Author: Sander L. Gilman
Publisher: Univ of California Press
Published: 2022-03-25
Total Pages: 502
ISBN-13: 0520301978
DOWNLOAD EBOOK →"She's hysterical." For centuries, the term "hysteria" has been used by physicians and laymen to diagnose and dismiss the extreme emotionality and mysterious physical disorders presumed to bedevil others—especially women. How did this medical concept assume its power? What cultural purposes does it serve? Why do different centuries and different circumstances produce different kinds of hysteria? These are among the questions pursued in this absorbing, erudite reevaluation of the history of hysteria. The widely respected authors draw upon the insights of social and cultural history, rather than Freudian psychoanalysis, to examine the ways in which hysteria has been conceived by doctors and patients, writers and artists, in Europe and North America, from antiquity to the early years of the twentieth century. In so doing, they show that a history of hysteria is a history of how we understand the mind. This title is part of UC Press's Voices Revived program, which commemorates University of California Press’s mission to seek out and cultivate the brightest minds and give them voice, reach, and impact. Drawing on a backlist dating to 1893, Voices Revived makes high-quality, peer-reviewed scholarship accessible once again using print-on-demand technology.

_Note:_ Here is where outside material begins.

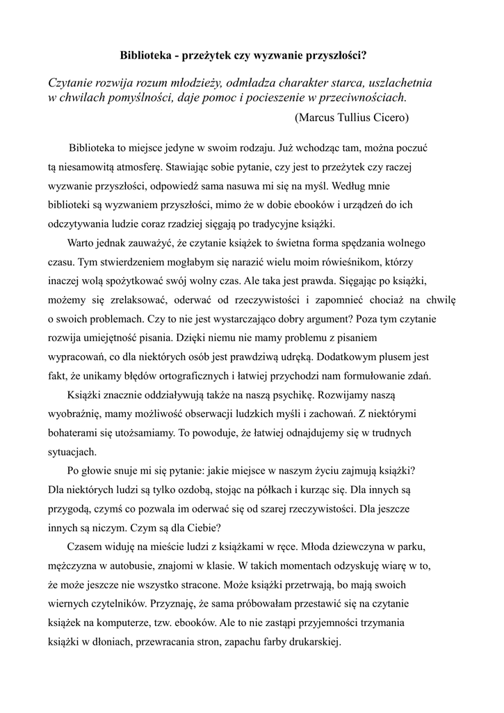 Biblioteka - przeżytek czy wyzwanie przyszłości? Czytanie rozwija rozum młodzieży, odmładza charakter starca, uszlachetnia w chwilach pomyślności, daje pomoc i pocieszenie w przeciwnościach. (Marcus Tullius Cicero) Biblioteka to miejsce jedyne w swoim rodzaju. Już wchodząc tam, można poczuć tą niesamowitą atmosferę. Stawiając sobie pytanie, czy jest to przeżytek czy raczej wyzwanie przyszłości, odpowiedź sama nasuwa mi się na myśl. Według mnie biblioteki są wyzwaniem przyszłości, mimo że w dobie ebooków i urządzeń do ich odczytywania ludzie coraz rzadziej sięgają po tradycyjne książki. Warto jednak zauważyć, że czytanie książek to świetna forma spędzania wolnego czasu. Tym stwierdzeniem mogłabym się narazić wielu moim rówieśnikom, którzy inaczej wolą spożytkować swój wolny czas. Ale taka jest prawda. Sięgając po książki, możemy się zrelaksować, oderwać od rzeczywistości i zapomnieć chociaż na chwilę o swoich problemach. Czy to nie jest wystarczająco dobry argument? Poza tym czytanie rozwija umiejętność pisania. Dzięki niemu nie mamy problemu z pisaniem wypracowań, co dla niektórych osób jest prawdziwą udręką. Dodatkowym plusem jest fakt, że unikamy błędów ortograficznych i łatwiej przychodzi nam formułowanie zdań. Książki znacznie oddziaływują także na naszą psychikę. Rozwijamy naszą wyobraźnię, mamy możliwość obserwacji ludzkich myśli i zachowań. Z niektórymi bohaterami się utożsamiamy. To powoduje, że łatwiej odnajdujemy się w trudnych sytuacjach. Po głowie snuje mi się pytanie: jakie miejsce w naszym życiu zajmują książki? Dla niektórych ludzi są tylko ozdobą, stojąc na półkach i kurząc się. Dla innych są przygodą, czymś co pozwala im oderwać się od szarej rzeczywistości. Dla jeszcze innych są niczym. Czym są dla Ciebie? Czasem widuję na mieście ludzi z książkami w ręce. Młoda dziewczyna w parku, mężczyzna w autobusie, znajomi w klasie. W takich momentach odzyskuję wiarę w to, że może jeszcze nie wszystko stracone. Może książki przetrwają, bo mają swoich wiernych czytelników. Przyznaję, że sama próbowałam przestawić się na czytanie książek na komputerze, tzw. ebooków. Ale to nie zastąpi przyjemności trzymania książki w dłoniach, przewracania stron, zapachu farby drukarskiej. Zastanawiam się, co by się stało, gdyby wszystkie biblioteki zamknięto. Fakt, są jeszcze księgarnie. Ale nie każdego stać na zakup każdej nowej książki, która pojawia się na rynku. Poza tym w księgarni nie znajdziemy unikatowych egzemplarzy sprzed kilku, a nawet kilkuset lat. Biblioteki są skarbnicami. Dla każdego: od kilkulatka, który dopiero uczy się czytać, przez studentów piszących prace magisterskie, po babcie i dziadków, którzy spędzają swój wolny czas czytając. Ja odziedziczyłam miłość do książek właśnie po mojej babci, która do tej pory, mając ponad 70 lat „pożera” książki, jak mawia moja mama. Jestem dumna z tego, że tak łatwo przychodzi mi czytanie. Jak już wspomniałam, biblioteki są wyzwaniem przyszłości, bo kto wie, jak długo będziemy mieć jeszcze możliwość korzystania z nich. Mam nadzieję, że mimo rozwoju technologii te wspaniałe miejsca pozostaną z nami jak najdłużej. Czytajmy. Bez względu na to jaki gatunek preferujemy, fantastykę, romanse, książki przygodowe, nieważne. Najważniejsze, abyśmy czerpali z tego przyjemność.

This title was originally published in 1993.
Author: Susan Sontag
Publisher: Macmillan
Published: 2002-11-09
Total Pages: 220
ISBN-13: 9780312420086
DOWNLOAD EBOOK →This third essay collection by America's leading essayist brings together her most important critical writing from 1972 to 1980, in which she explores some of the most influential artists and thinkers of our time.
Author: Barbara Spackman
Publisher: Cornell University Press
Published: 2018-03-15
Total Pages: 237
ISBN-13: 1501723308
DOWNLOAD EBOOK →Barbara Spackman here examines the ways in which decadent writers adopted the language of physiological illness and alteration as a figure for psychic otherness. By means of an ideological and rhetorical analysis of scientific as well as literary texts, she shows how the rhetoric of sickness provided the male decadent writer with an alibi for the occupation and appropriation of the female body.